About this exercise — Copy exactly, from the beginning of the material below, every line up to and including the one holding "IHC Results In", with the pictures left out.

++++++

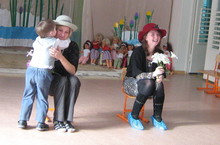 На фотографии вторая младшая группа №9. Игра с мамами "Воротца".
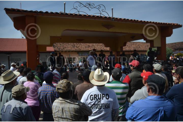 TANCÍTARO, MICHOACÁN, 16ENERO2014.- El día de hoy les fueron regresadas más 25 huertas, dando un total de 265 hectáreas de aguacate a sus propietarios, estas fueron arrebatadas por los Caballeros Templarios hace más de un año en la cabecera de este municipio, las huertas fueron devueltas por el vocero de las Autodefensas Estanislao Beltran, alias El Papá Pitufo. FOTO: ALAN ORTEGA /CUARTOSCURO.COM
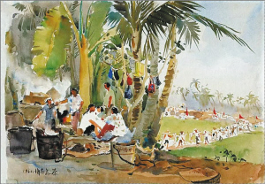 通过《海南岛风光》,我们看到,满怀激情的吴先生当时不仅用油彩来画出心中的宝岛风光,还用水彩记录了眼中的海南人文,诸如《义务劳动》、《看戏去》、《假日》、《渡口》等。
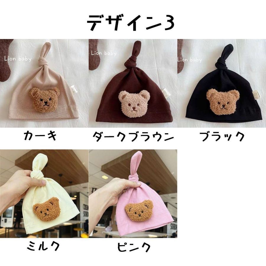 デザインはクマ耳帽子は2種類、クマのマスコット付きが1種類と3種類の形があります。
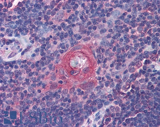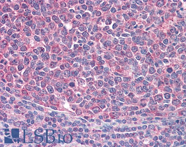 IHC Results In paraffin embedded Human Lymph Node shows membrane staining just outside the mantle zone of the Germinal Centre. Recommended concentration: 1-2µg/ml. Paraffin embedded Human Tonsil and Thymus. Recommended concentration: 3.75µg/ml. | |
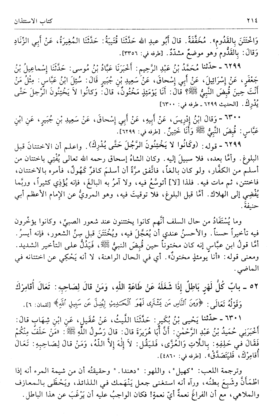 6299 - حَدَّثَنَا مُحَمَّدُ بْنُ عَبْدِ الرَّحِيمِ أَخْبَرَنَا عَبَّادُ بْنُ مُوسَى حَدَّثَنَا إِسْمَاعِيلُ بْنُ جَعْفَرٍ عَنْ إِسْرَائِيلَ عَنْ أَبِى إِسْحَاقَ عَنْ سَعِيدِ بْنِ جُبَيْرٍ قَالَ سُئِلَ ابْنُ عَبَّاسٍ مِثْلُ مَنْ أَنْتَ حِينَ قُبِضَ النَّبِىُّ - صلى الله عليه وسلم - قَالَ أَنَا يَوْمَئِذٍ مَخْتُونٌ. قَالَ وَكَانُوا لاَ يَخْتِنُونَ الرَّجُلَ حَتَّى يُدْرِكَ. طرفه 6300 - تحفة 5589
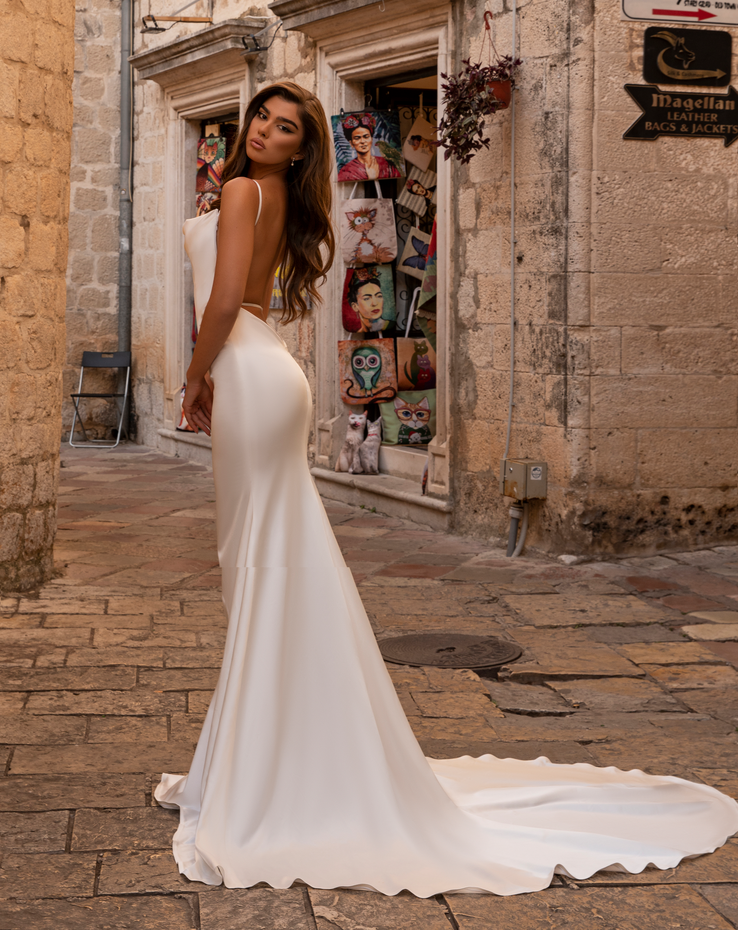 This backless satin wedding dress is the epitome of modern elegance and sophistication. The dress features a stunning open back design that is sure to turn heads and leave a lasting impression. The satin material is soft and silky, draping gracefully over your curves and creating a stunning and feminine silhouette. The tight corset on the upper part of the dress accentuates your figure, creating a flattering and alluring effect that is both modern and timeless. The long train adds an extra layer of grandeur and majesty, creating a breathtaking and unforgettable effect as you walk down the aisle. This dress is perfect for any type of wedding, whether you're having a grand celebration or an intimate ceremony. With its modern and chic style, this dress is perfect for any bride who wants to feel confident and beautiful on her special day.
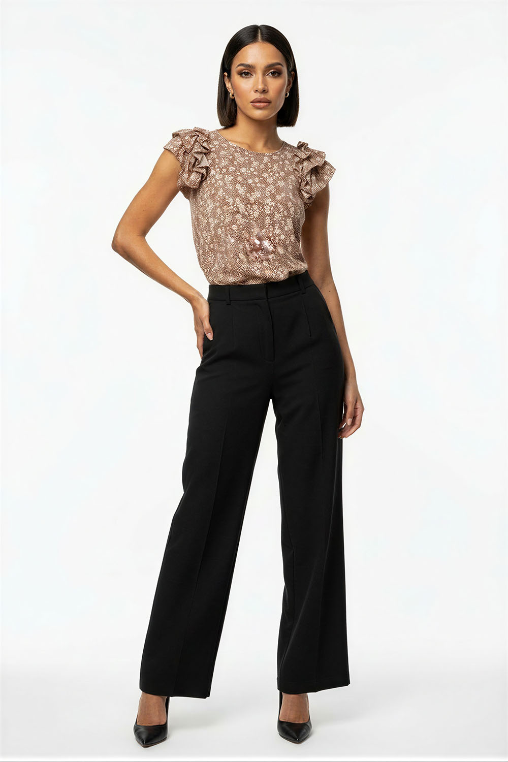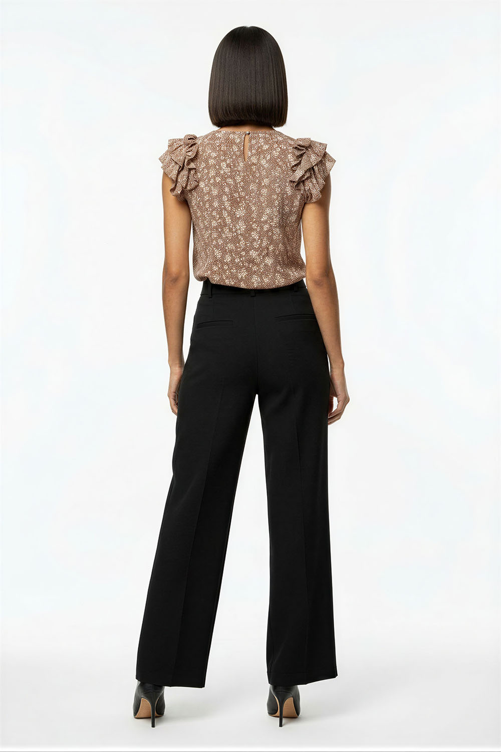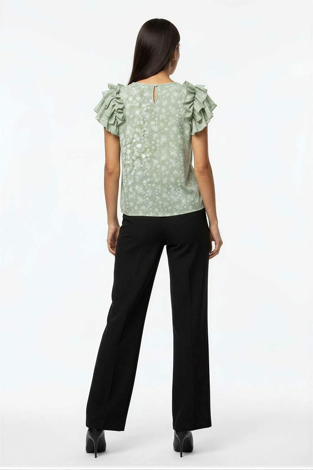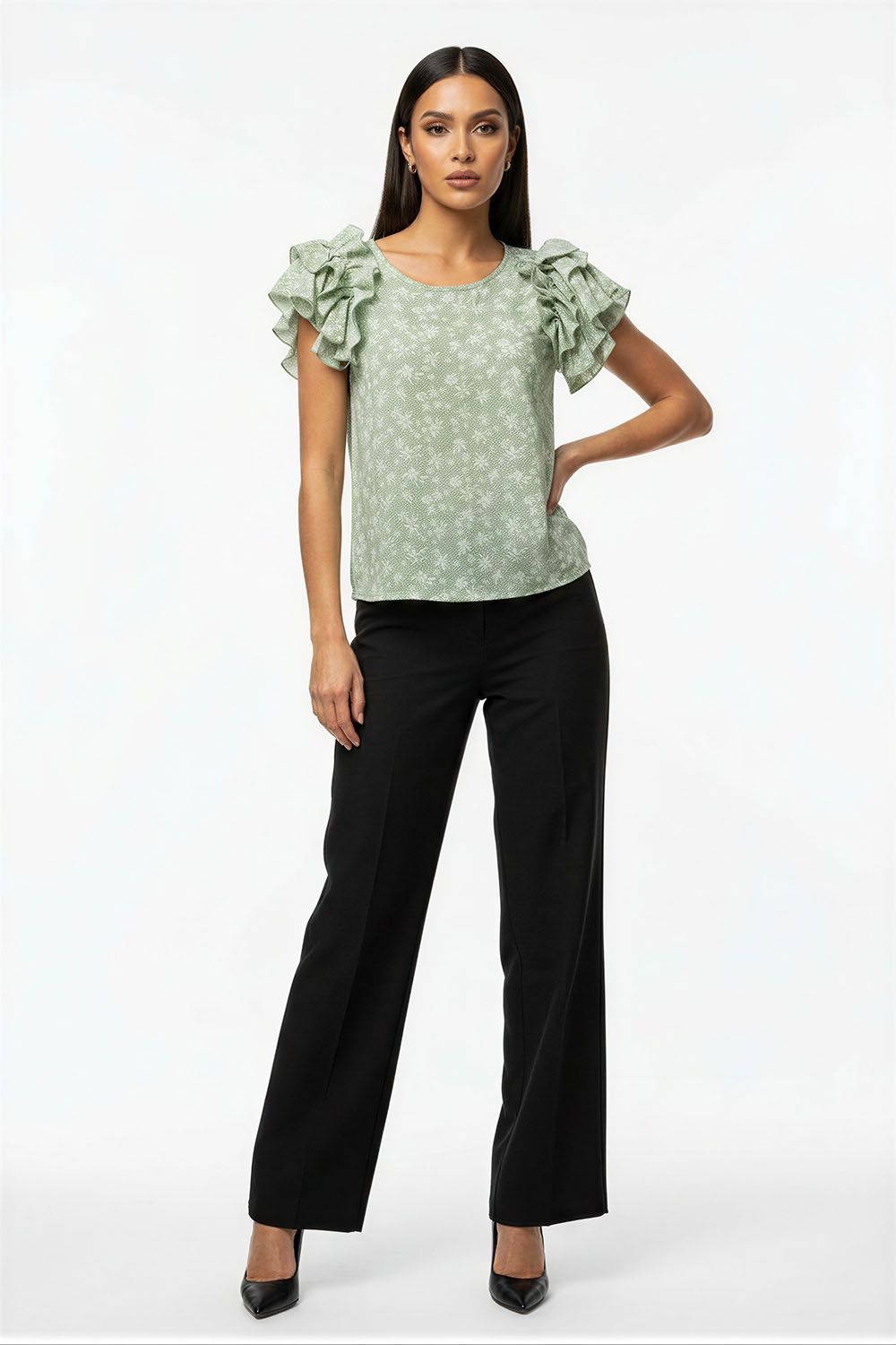 Blusa de corte recto con escote redondo que brinda ajuste cómodo, manga corta con diseño de olanes que aporta volumen y movimiento, confección ligera que favorece la frescura, largo a la cadera que permite libertad de uso, acabado suave al tacto que proporciona comodidad durante el día
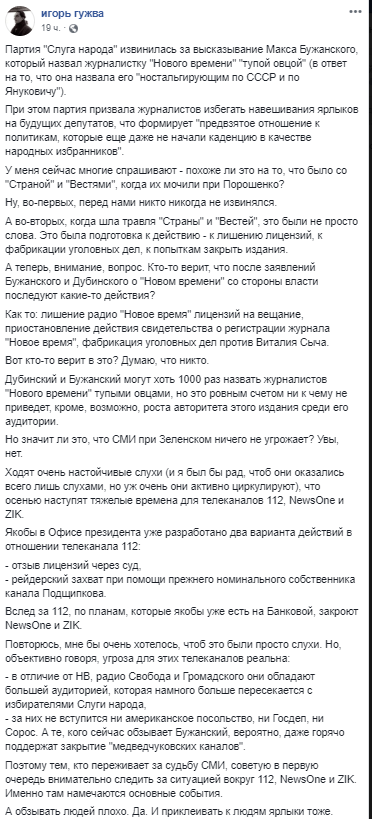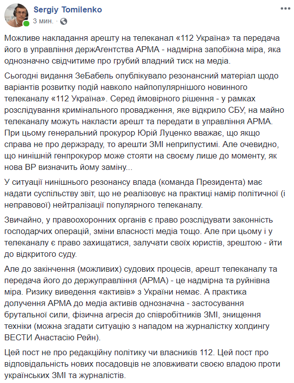 Этот пост не о редакционной политике или владельцах 112. Этот пост об ответственности новых чиновников не злоупотреблять своей властью против украинских СМИ и журналистов".

++++++

Problem solution —
 На фотографии вторая младшая группа №9. Игра с мамами "Воротца".
 TANCÍTARO, MICHOACÁN, 16ENERO2014.- El día de hoy les fueron regresadas más 25 huertas, dando un total de 265 hectáreas de aguacate a sus propietarios, estas fueron arrebatadas por los Caballeros Templarios hace más de un año en la cabecera de este municipio, las huertas fueron devueltas por el vocero de las Autodefensas Estanislao Beltran, alias El Papá Pitufo. FOTO: ALAN ORTEGA /CUARTOSCURO.COM
 通过《海南岛风光》,我们看到,满怀激情的吴先生当时不仅用油彩来画出心中的宝岛风光,还用水彩记录了眼中的海南人文,诸如《义务劳动》、《看戏去》、《假日》、《渡口》等。
 デザインはクマ耳帽子は2種類、クマのマスコット付きが1種類と3種類の形があります。
 IHC Results In paraffin embedded Human Lymph Node shows membrane staining just outside the mantle zone of the Germinal Centre. Recommended concentration: 1-2µg/ml. Paraffin embedded Human Tonsil and Thymus. Recommended concentration: 3.75µg/ml. | |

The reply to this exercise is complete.